The Politics of the Nuclear Family

Illustration by Jenny Dodge.

The link between capitalism and the oppression of women has been established beyond a doubt in the history of thought. This line of discourse can be found dispersed through the works of countless scholars and activists since the early nineteenth century, and it is well-founded in social disciplines.

Capitalism, as both an idea and as a material reality, currently structures the whole of society – including gender, sex, race, and class relations – and the way we think about these relationships.

The many faces of the contemporary oppression of women can all be traced to a foundation of neoliberalism: the reduction of bodies to property is a fundamentally capitalist idea. The patriarchy operates on the basis that women are property, that female bodies are objects to be owned, consumed, and controlled both for public and private enjoyment and use. We see this operating as oppressive misogyny almost everywhere: from rape culture to beauty standards as well as on an institutional level within state apparatuses like the medical-pharmaceutical industry complex.

To keep it simple, the patriarchy and capitalism are two heads of the same monster.

As such, the political and cultural status of women worldwide is inseparable from the neoliberal system. A feminism that ignores the patriarchal nature of capitalism is quite complicit with the oppression of women, as we see with liberal feminists in positions of power that contribute to the subjugation of women across the globe. Meanwhile, billions of women – particularly those in colonized countries exploited for neoliberal gains – remain in poverty.

A feminism that aims to liberate women and end misogyny must be intersectional, which would thus include an analysis of capitalism. A ‘feminism’ that is selective in its scope will never achieve true emancipation, and will inevitably perpetuate harm and exploitation.

In his seminal essay “Ideology and Ideological State Apparatuses,” twentieth century philosopher Louis Althusser maps out how organizational entities like governments, courts, police forces, churches, schools, and the family reproduce the capitalist power structure.

So how does the nuclear family fit into all of this?
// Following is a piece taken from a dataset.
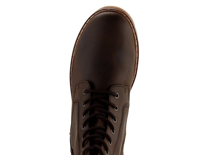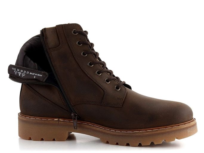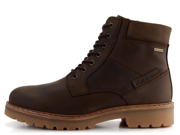 Robustní pánský kožený kotník v tmavě hnědé barvě, s vyjímatelnou stélkou, funkční membránou a vnitřní teplou podšívkou.

For the purposes of this article, the nuclear family is defined as a basic social unit, often consisting of a heterosexual couple and their children.

Apart from playing host to traditional patriarchal authority and high rates of domestic violence and sexual abuse against women and children, the family functions as a unit of consumption and as a system that normalizes a hierarchical structure, readying children to spend their lives toiling under an oppressive boss in order to buy commodities they don’t need.

Neoliberalism also relies on a patriarchal social organization in order to function at maximum efficiency. In other words, the family is constructed and organized by the capitalistic order, and consequently reproduces the gendered oppression inherent to capitalism.

But there’s more. Capitalism is always going to require more workers in order to keep running. This makes reproductive labor essential, and capitalism is such a devastating system because it alienates the worker from their labor, or process of production.

The way in which capitalism alienates the female worker from reproductive labor is by privatizing it within the walls of the family home. This refers to the separation of human reproduction from the social sphere, or the “privatization” of childbirth within the family.

As twentieth century philosophers Gilles Deleuze and Felix Guattari write in the prolific “Anti-Oedipus,” this “placing of the family outside the social field…is the condition under which the entire social field can be applied to the family.” In other words, the effect of the privatization of reproductive labor is such that the nuclear family becomes a template for the determination of capitalism. As Deleuze and Guattari point out, the family acquires the roles of father capital, mother earth, “and their child the Worker”- just as money drives the perpetual exploitation of the planet and its natural resources for profit.

The nuclear family is a trap for the woman to become the most alienated laborer with the most invaluable labor. Liberation requires the seizure of labor and the means of production. For women, this means that social reproduction must be deprivatized: abolish the traditional nuclear family.

The ownership of reproductive labor is where power lies. This does not mean that we need to all start rearing children collectively or stop giving birth altogether to free ourselves. Instead, I want to show how we may unknowingly participate in our own oppression, and consequently, how we may knowingly participate in our own liberation.

With our current political structure, an end to oppression is synonymous with an end to capitalism and all of its institutional faces. As feminists, we can and must find new ways to establish love and community outside of a traditional marriage and family life. We must collectivize and struggle in solidarity against the systematic subjugation of all people to a financial order.

If you wish to familiarize yourself in depth, introductory texts to examine include Silvia Federici’s “Caliban and the Witch” and “Revolution at Point Zero.”